[Recorded data]
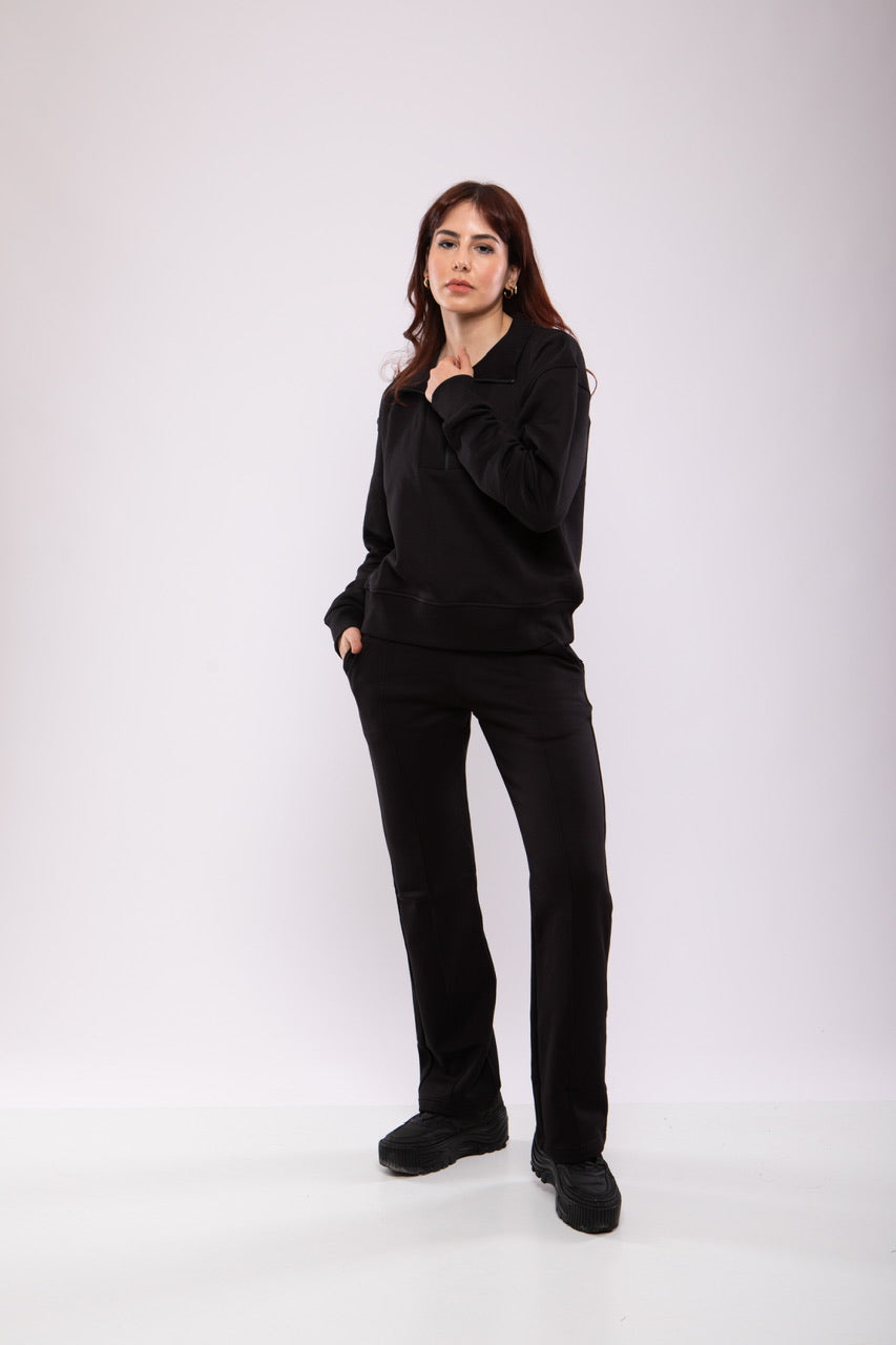 Ensemble Sweat-shirt Zippé & Pantalon Flare Jogging Femme
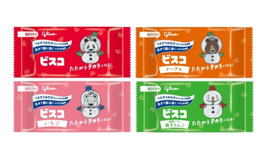 江崎グリコ株式会社は、「生きて腸に届くスポロ乳酸菌」と「つよさうみだすGCL1815 乳酸菌」の2種類の乳酸菌が入った「ビスコ」から、クリームの形がゆきだるまの形になった「ビスコ」を、2025年11月18日(火)より全国にて期間限定で発売します※1。今年は小箱に加え、初めて大袋でもクリームの形を変更します。
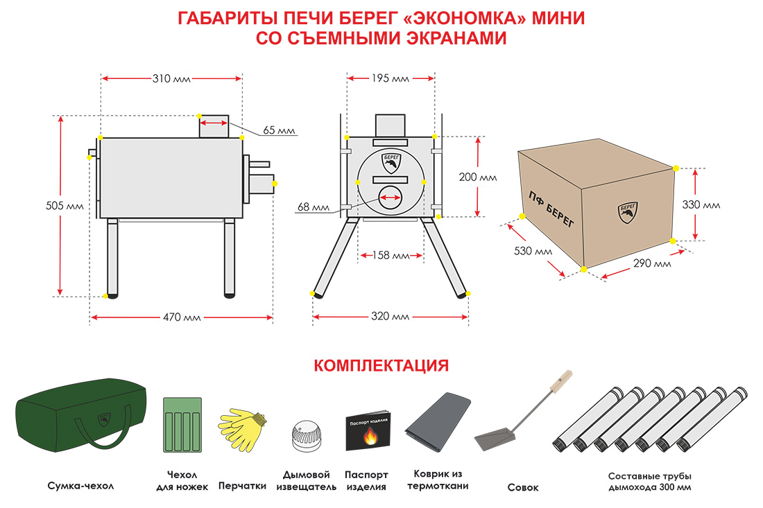 Конструкция всех печей Берег серии «Экономка» включает в себя: короб (топочную камеру), искрогаситель, съемную топочную дверцу со стаканом для регулировки подачи кислорода, отражающие защитные экраны с 4 сторон (кроме печи без экранов, в ней только 1 нижний стационарный экран), съемные ножки, дымоход.
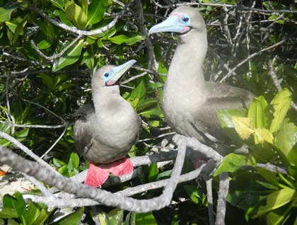 The white coralline beach with red mangroves is where we started our walk today; the red mangroves are the nesting place for most of the red-footed boobies found on Darwin Bay. Due to the heat, male frigatebirds had their pouches half-way inflated, but that did not stop them from calling for the attention of the difficult females that flew around them without even looking at them.
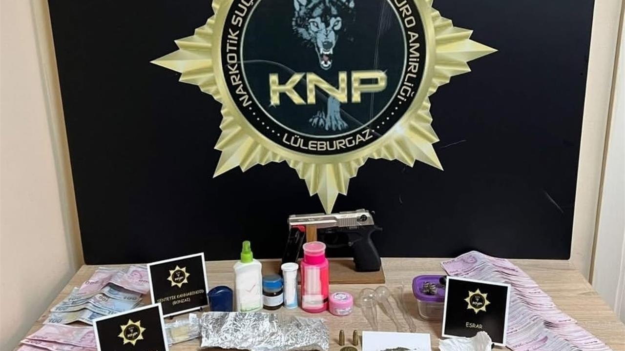 Kırklareli'nin Lüleburgaz ilçesinde, uyuşturucu madde imal ve ticareti yapan şahıslara yönelik olarak İl Emniyet Müdürlüğü Narkotik Suçlarla Mücadele Şube Müdürlüğü tarafından eş zamanlı bir operasyon gerçekleştirildi. Yapılan operasyonda toplamda 12,61 gram metamfetamin, 130,98 gram sıvı sentetik kannabinoid, 15,83 gram sentetik kannabinoid, 0,93 gram skunk ve 0,11 gram esrar ele geçirildi. Ayrıca, operasyon sırasında 3 adet hassas terazi, 1 adet grinder, suçtan elde edildiği değerlendirilen 42 bin 675 TL ile 5 euro, 1 adet tabanca, 2 adet tabanca fişeği ve 4 adet payp da ele alındı.
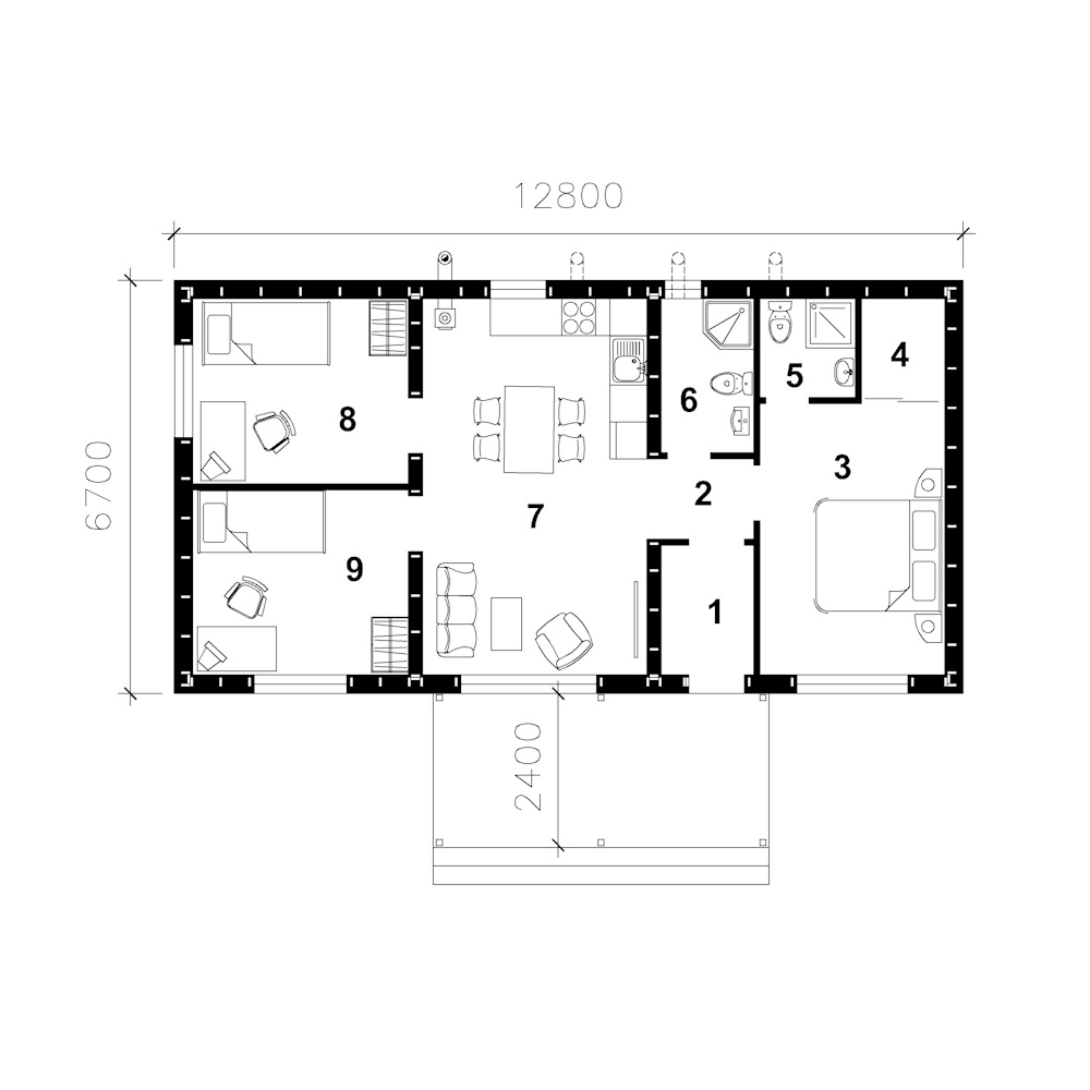 - Габарити будинку:6.7 м х 12.8 м

- To do:
The images in the entries above should be left out; please reproduce exactly the lines from the first through the one containing "Конструкция всех печей".

- Solution for this task:
 Ensemble Sweat-shirt Zippé & Pantalon Flare Jogging Femme
 江崎グリコ株式会社は、「生きて腸に届くスポロ乳酸菌」と「つよさうみだすGCL1815 乳酸菌」の2種類の乳酸菌が入った「ビスコ」から、クリームの形がゆきだるまの形になった「ビスコ」を、2025年11月18日(火)より全国にて期間限定で発売します※1。今年は小箱に加え、初めて大袋でもクリームの形を変更します。
 Конструкция всех печей Берег серии «Экономка» включает в себя: короб (топочную камеру), искрогаситель, съемную топочную дверцу со стаканом для регулировки подачи кислорода, отражающие защитные экраны с 4 сторон (кроме печи без экранов, в ней только 1 нижний стационарный экран), съемные ножки, дымоход.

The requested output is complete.